Très vite, il devient directeur de l’école théologique de la ville. Mais Nisibe est l’objet de la convoitise des Perses. En 363 Éphrem se réfugie à Édesse avec ses élèves. Il y fonde une nouvelle école, l’école catéchétique d’Édesse. Éphrem mène une vie pastorale intense : il prêche, il écrit tant en syriaque qu’en grec, il compose des hymnes, il se bat contre les hérésies de son temps. Sa parole est de feu. Il a le don des larmes que la tradition associe à l’amour parfait. De son vivant, Éphrem est célèbre. On vient le consulter, on lui demande aussi des conseils par lettre. Dans cette immense activité, il reste d’une admirable humilité.
Éphrem combat toutes les hérésies de son temps. Et elles ne manquent pas ! Il lutte contre les anoméens, les macédoniens, les milliénaires, les marcionites, les manichéens, les messaliens ou euchites, les apollinaristes et les novatiens. Il est particulièrement sévère avec les apollinaristes disciples de l’évêque schismatique de Laodicée Apollinaire, un homme très intelligent et orgueilleux, qui se réclame faussement de saint Athanase qu’il a connu. Dans son enseignement, Apollinaire prétend que dans l’humanité de Jésus il n’y a point d’âme. Pour lui, c’est directement la divinité qui anime son corps. Vous le voyez, il s’agit de nouveau d’une hérésie qui s’attaque au dogme de Jésus, vrai Dieu et vrai homme. Après négociation, les apollinaristes ont accepté de reconnaître une âme sensitive au Fils de Dieu, mais pas ce qu’ils ont appelé une âme intelligente, ce qui a fait dire à saint Augustin : « Ils ont donné au Fils de Dieu une âme de bête et lui ont refusé une âme d’homme. » Pas étonnant qu’en plus de cela, ils ne reconnaissent pas la Trinité : selon eux, le Père, le Fils et l’Esprit Saint ne sont que des rôles assumés par une seule et même personne divine.
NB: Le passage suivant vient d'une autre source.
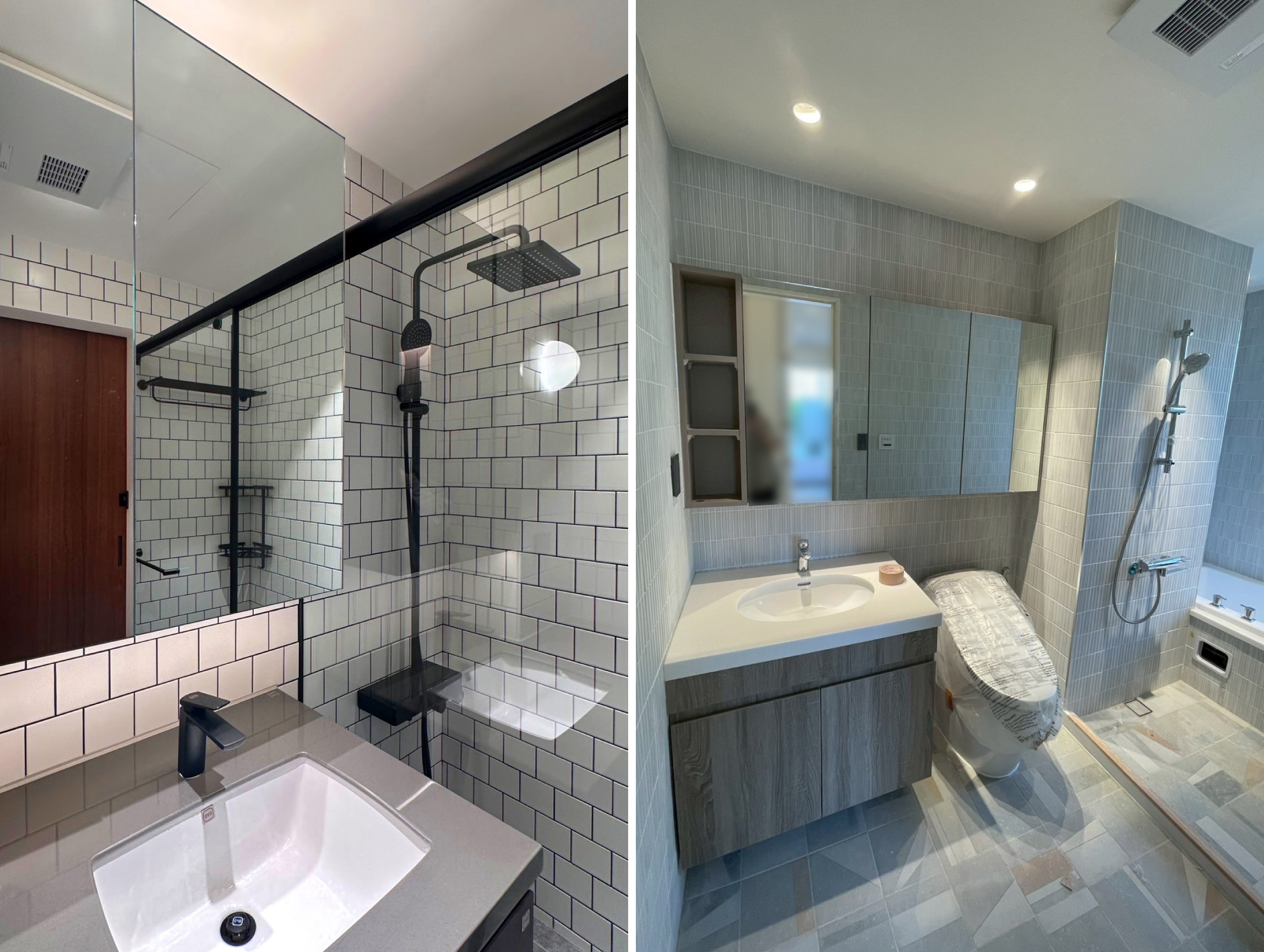 這股衛浴設計趨勢,在不同屋齡的住宅中展現出多元解方。據內政部統計,全台屋齡逾 30 年的老宅已突破 500 萬戶,其中老屋翻修最常面臨的是畸零空間與管線老舊。以汐止鄒小姐家中為例,中古屋常見的凹凸牆面與柱體往往限縮了臉盆與櫃體選擇性,導致市售規格的設備難以適配,若強行安裝不僅風格突兀,亦犧牲掉寶貴的收納空間。

Saint Éphrem a été un de ces défenseurs, un penseur d’une intelligence pénétrante, un théologien inspiré, ce qui lui a valu le titre de docteur de l’Église. Notez cependant que chaque hérésie a eu sa face positive : elle a permis d’affiner une facette du dogme, de clarifier ce qui en avait besoin, de manifester souvent la cohérence de notre foi. En permettant les hérésies, Dieu a surtout permis que les Pères de l’Église approfondissent les mystère de la foi pour poser les bases solides qui sont les nôtres aujourd’hui.
De retour dans sa ville d’Édesse, Éphrem continue son œuvre théologique, la composition d’hymnes liturgiques en syriaque qui lui vaut le surnom de « lyre ou harpe du Saint Esprit ». On estime qu’il a écrit au moins 3 millions de vers : des commentaires de la plupart des livres de l'Écriture Sainte, des traités contre les hérésies, des Hymnes sur le Paradis, sur la Virginité, sur la Foi, sur les grands Mystères du Sauveur et des Fêtes de l'année. Mais il ne contente pas de faire de la théologie de manière admirable. Il se dédie aussi aux pauvres car la ville d’Édesse est ravagée par la famine. Il exhorte les riches à s’occuper des plus pauvres et lui-même les soigne et fait tout pour adoucir leurs misères. C’est en s’occupant d’eux qu’il contracte la peste qui l’emporte au paradis. Il meurt probablement le 9 juin 373. Il est reconnu comme un saint tant par les Églises orientales que par l’Église catholique romaine. Et le pape Benoît XV l’a proclamé docteur de l’Église en 1920.